**Work to complete**
All lines from the one containing "斜襟圆领盘扣格子绣花国风复古礼服正品 吉祥斋女装 紫薇阁长衫" through the end of the material below are to be printed exactly, both ends included, minus pictures.

**Source information**
================================

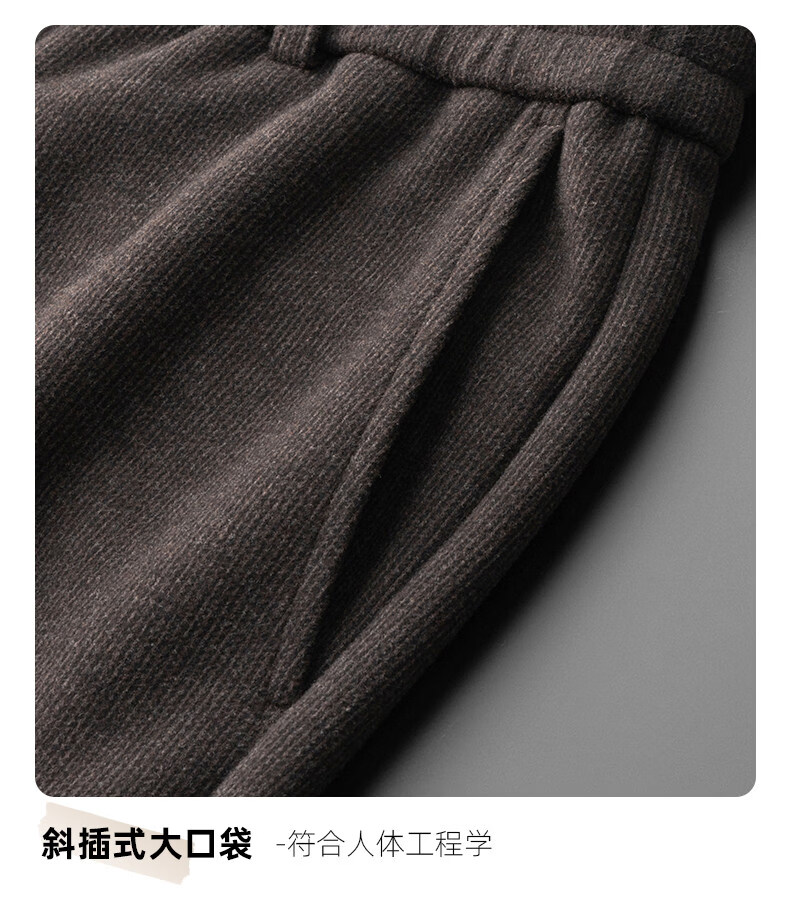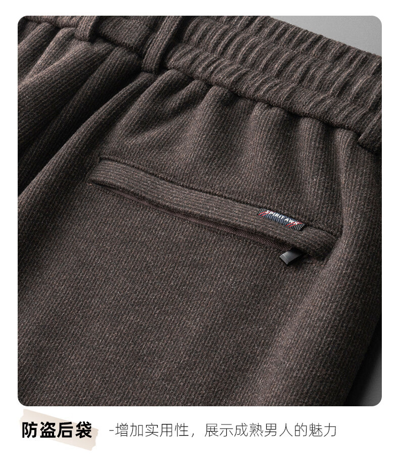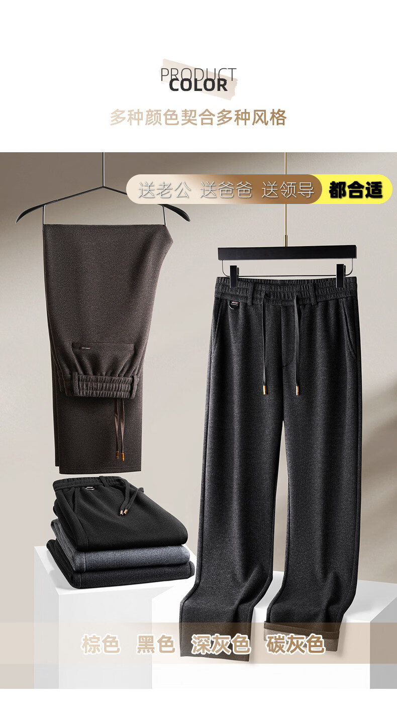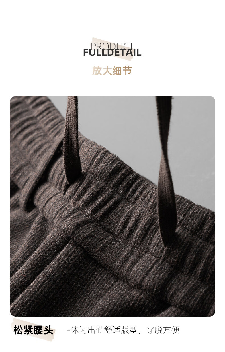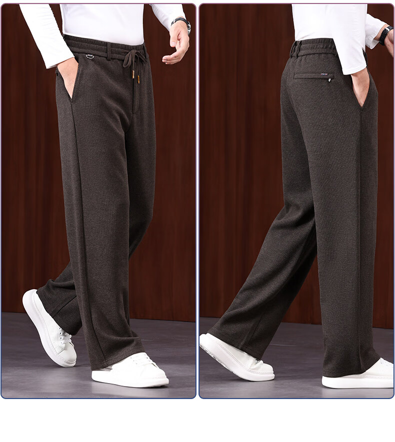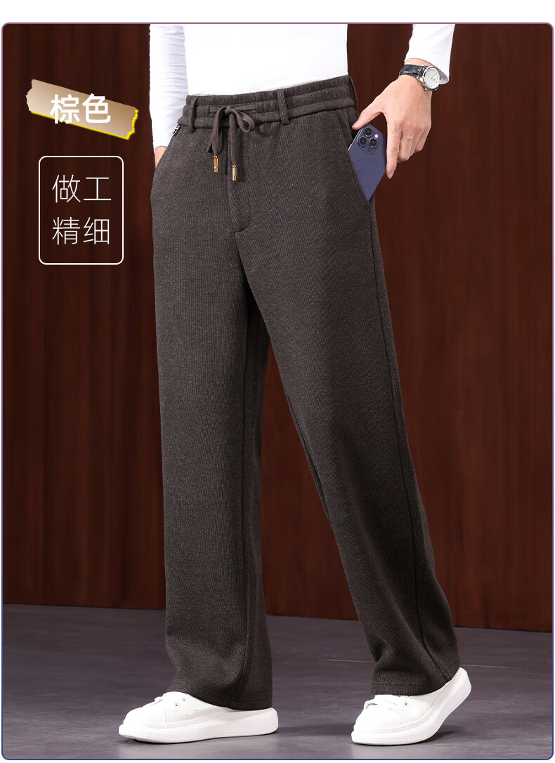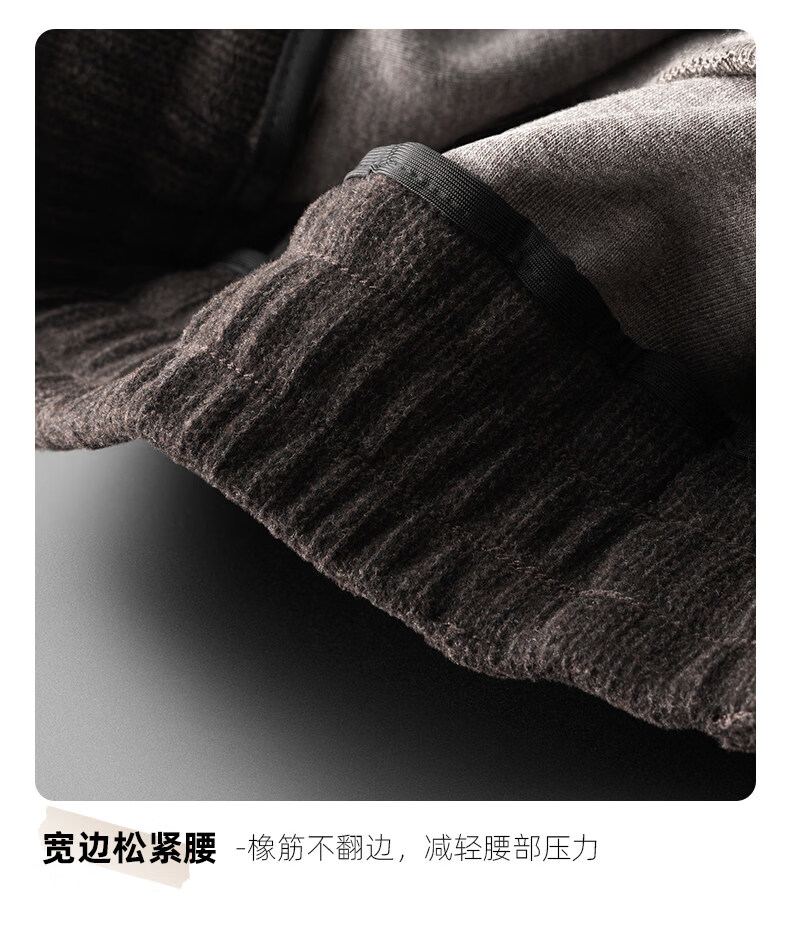 恒源祥羊毛混纺秋冬款男士休闲裤直筒宽松运动休闲裤松紧腰加厚男裤子 棕色 L 建议127-140斤左右
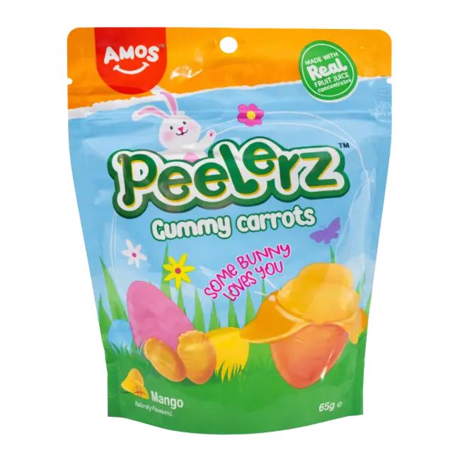 Add a fun and fruity twist to your sweet collection with Amos Peelerz Gummy Carrots Mango. This is a playful and unique candy perfect for Easter and everyday snacking. For even more variety, Amos Peelerz Gummy Eggs are another delightful choice in the range. These peelable gummy sweets are shaped like mini carrots and offer a delicious mango flavour. They are made with real fruit juice concentrates.
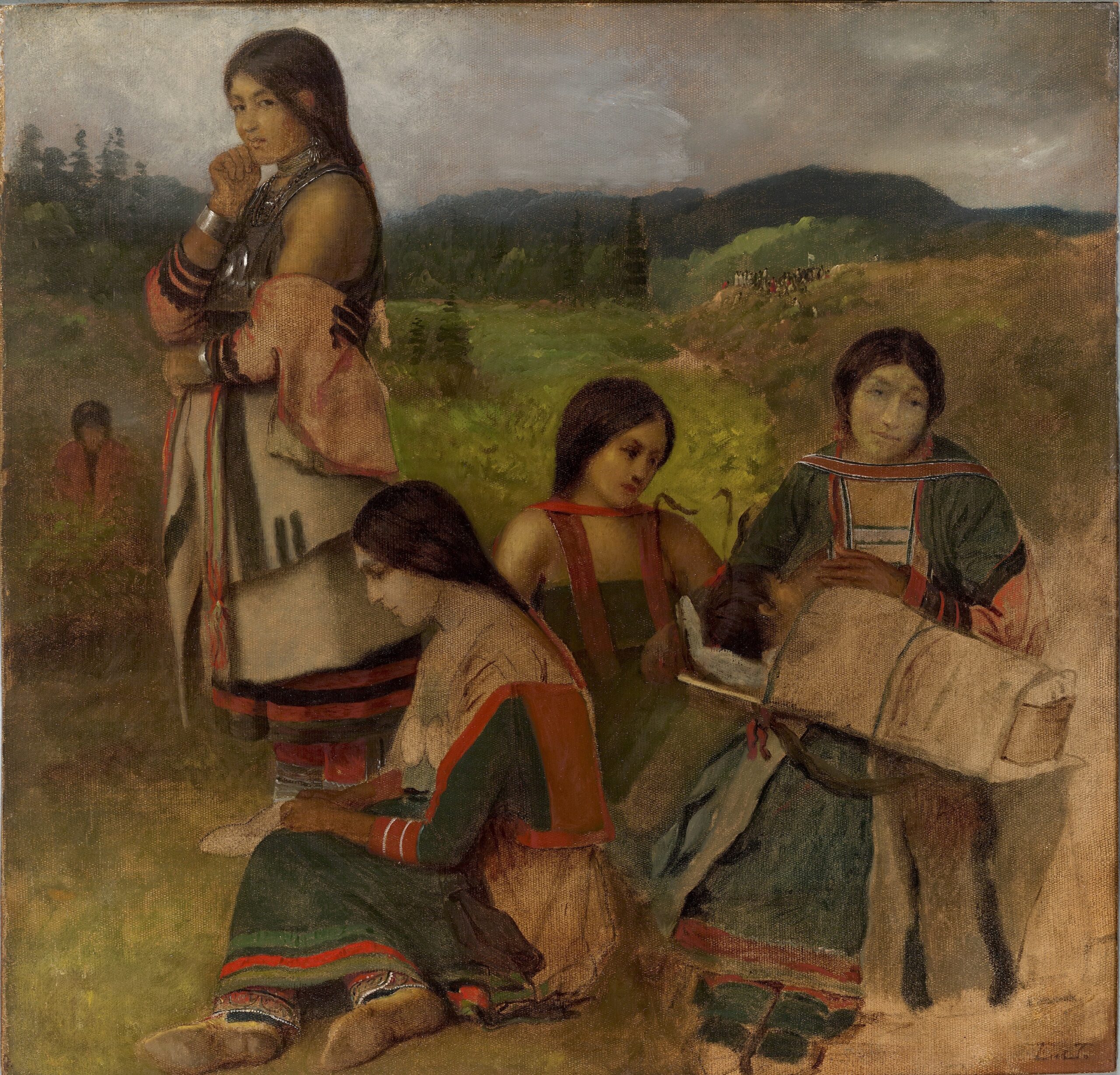 Eastman Johnson’s 1857 oil painting Ojibwe Women depicts women in strap dresses in Minnesota, part of the artist’s Paintings of Chippewa Indians collection. (St. Louis County Historical Society 20051017)
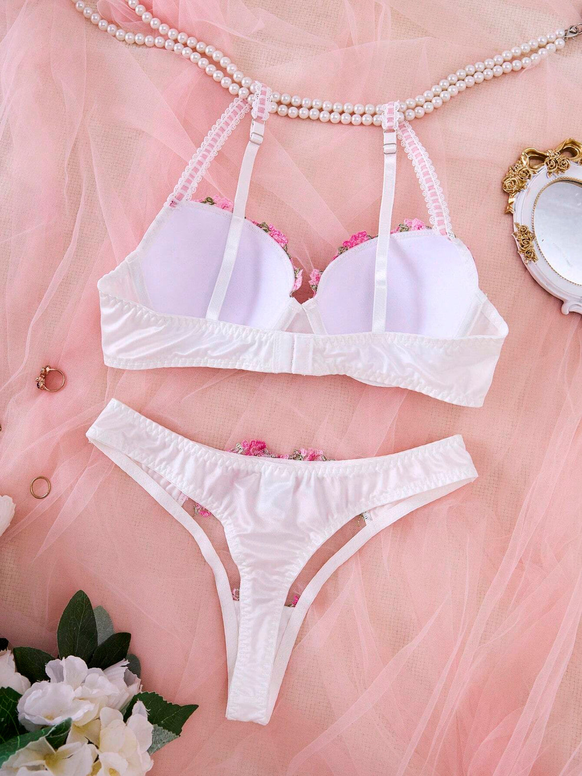 Details: EmbroideryStyle: Romantic-FrenchBra Type: OtherPattern Type: PlantsPanty Type: ThongsRise: Low RiseFabric: Slight StretchTops Material: Fabric
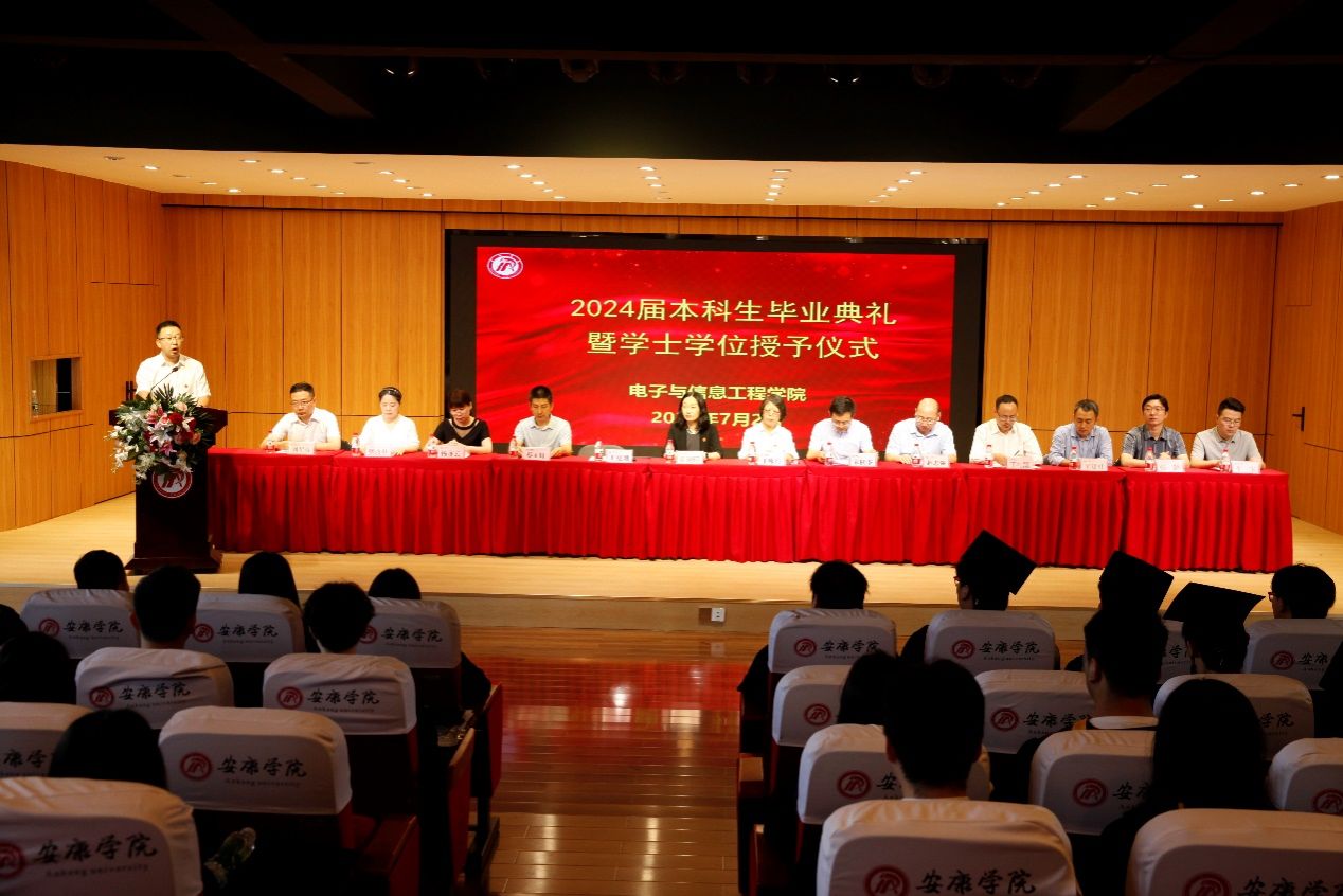 七月的万象城娱乐awc线路,有骄阳和蝉鸣,也有告别和再出发,更有比盛夏更炽热的篇章。7月2日上午,电子与信息工程学院2024届本科生毕业典礼暨学士学位授予仪式在江北校区1401教室隆重举行。副校长崔晓明、学院党总支书记于咏梅、副院长王克刚、宋权华、党总支副书记蔡正旺、系主任,教师代表、辅导员和2024届毕业生200余人参加了典礼。典礼由万象城娱乐awc线路党总支书记于咏梅主持。
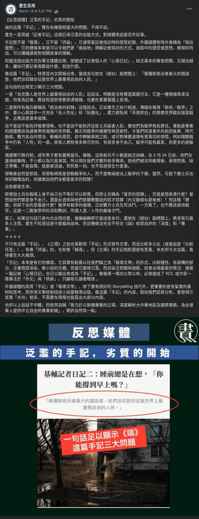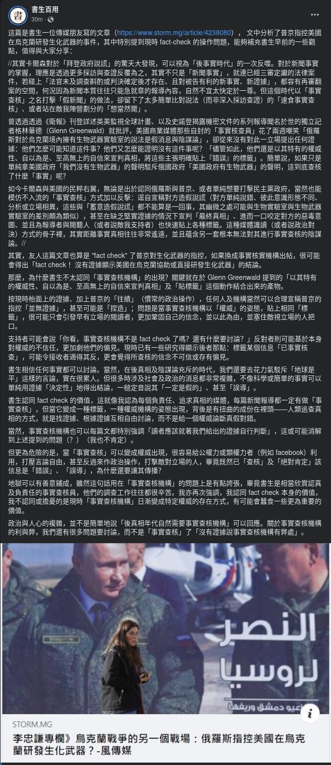 近日發現「書生百用」兩篇「反思媒體」的帖文已經刪除,下面補回截圖。本文刊出後一日,「書生百用」貼了一篇《風傳媒》的文章,內文引用Glenn Greenwald對事實查核的質疑,亦加插一些評論︰
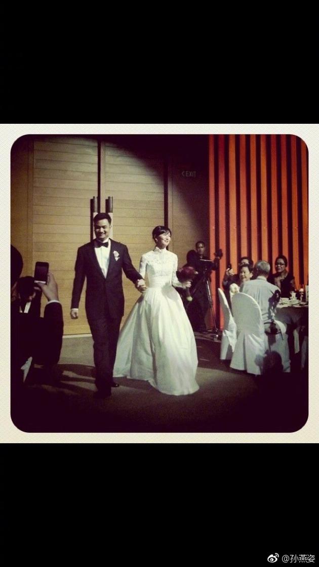 照片中的孙燕姿和老公幸福牵手,笑容满面,孙燕姿身穿一袭华美婚纱,在亲友的陪伴下走入婚姻的殿堂。孙燕姿与相恋5年多的男友纳迪姆于2011年在新加坡登记结婚 ;5月8日在新加坡举行婚礼。2012年5月7日,孙燕姿在结婚满一周年的前夕通过微博承认自己的怀孕喜讯 ,并于年10月产子。
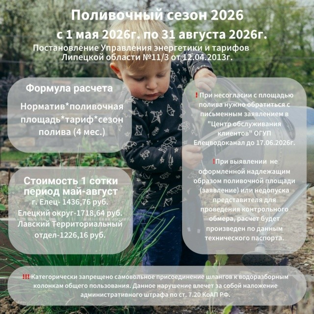 Напоминаем, что с 1 мая 2026г. производятся начисления по холодному водоснабжению при использовании земельного участка для полива (согласно Постановлению Управления энергетики и тарифов Липецкой области № 11/3 от 12.04.2013 года).
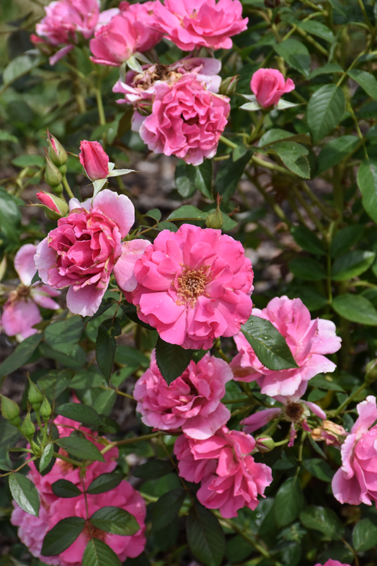 Hardiness Zone: 3b Group/Class: Shrub Rose Description: Dependable for bright full displays right into the frosty weather; beautiful deep pink blooms are elegantly ruffled for a delicate look; commonly has up to fifty flirty blooms in large clusters; highly disease resistant and surprisingly hardy Ornamental Features Ruffled Cloud Rose is draped in stunning fragrant semi-double hot pink flowers with yellow eyes at the ends of the branches from late spring to late fall. The flowers are excellent for cutting. It has dark green deciduous foliage. The glossy oval compound leaves do not develop any appreciable fall color. The fruits are showy red hips displayed from early to late fall. Landscape Attributes Ruffled Cloud Rose is a multi-stemmed deciduous shrub with an upright spreading habit of growth. Its average texture blends into the landscape, but can be balanced by one or two finer or coarser trees or shrubs for an effective composition. This shrub will require occasional maintenance and upkeep, and is best pruned in late winter once the threat of extreme cold has passed. Gardeners should be aware of the following characteristic(s) that may warrant special consideration; Ruffled Cloud Rose is recommended for the following landscape applications; Planting & Growing Ruffled Cloud Rose will grow to be about 4 feet tall at maturity, with a spread of 3 feet. It tends to fill out right to the ground and therefore doesn't necessarily require facer plants in front. It grows at a fast rate, and under ideal conditions can be expected to live for approximately 20 years. This shrub should only be grown in full sunlight. It does best in average to evenly moist conditions, but will not tolerate standing water. It is not particular as to soil type or pH. It is somewhat tolerant of urban pollution. This particular variety is an interspecific hybrid.
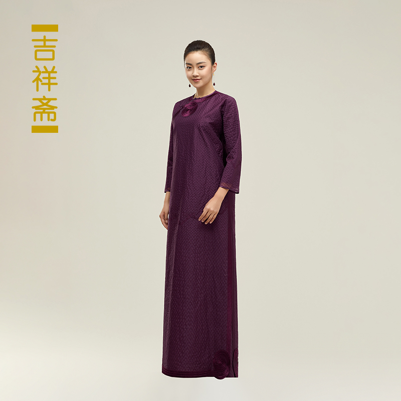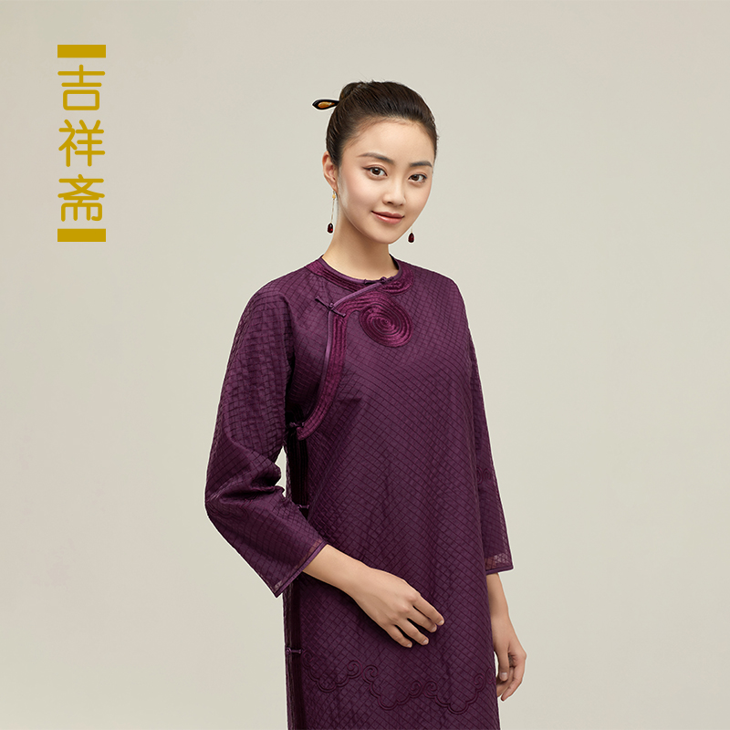 斜襟圆领盘扣格子绣花国风复古礼服正品 吉祥斋女装 紫薇阁长衫
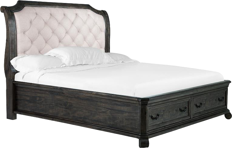 A plethora of bed options offer upholstered tufted headboards, storage footboards, panel headboards and gorgeous shaped panels with or without sumptuous scrolled design work for a Chateau feel for any taste.

================================

**Response to this exercise**
 斜襟圆领盘扣格子绣花国风复古礼服正品 吉祥斋女装 紫薇阁长衫
 A plethora of bed options offer upholstered tufted headboards, storage footboards, panel headboards and gorgeous shaped panels with or without sumptuous scrolled design work for a Chateau feel for any taste.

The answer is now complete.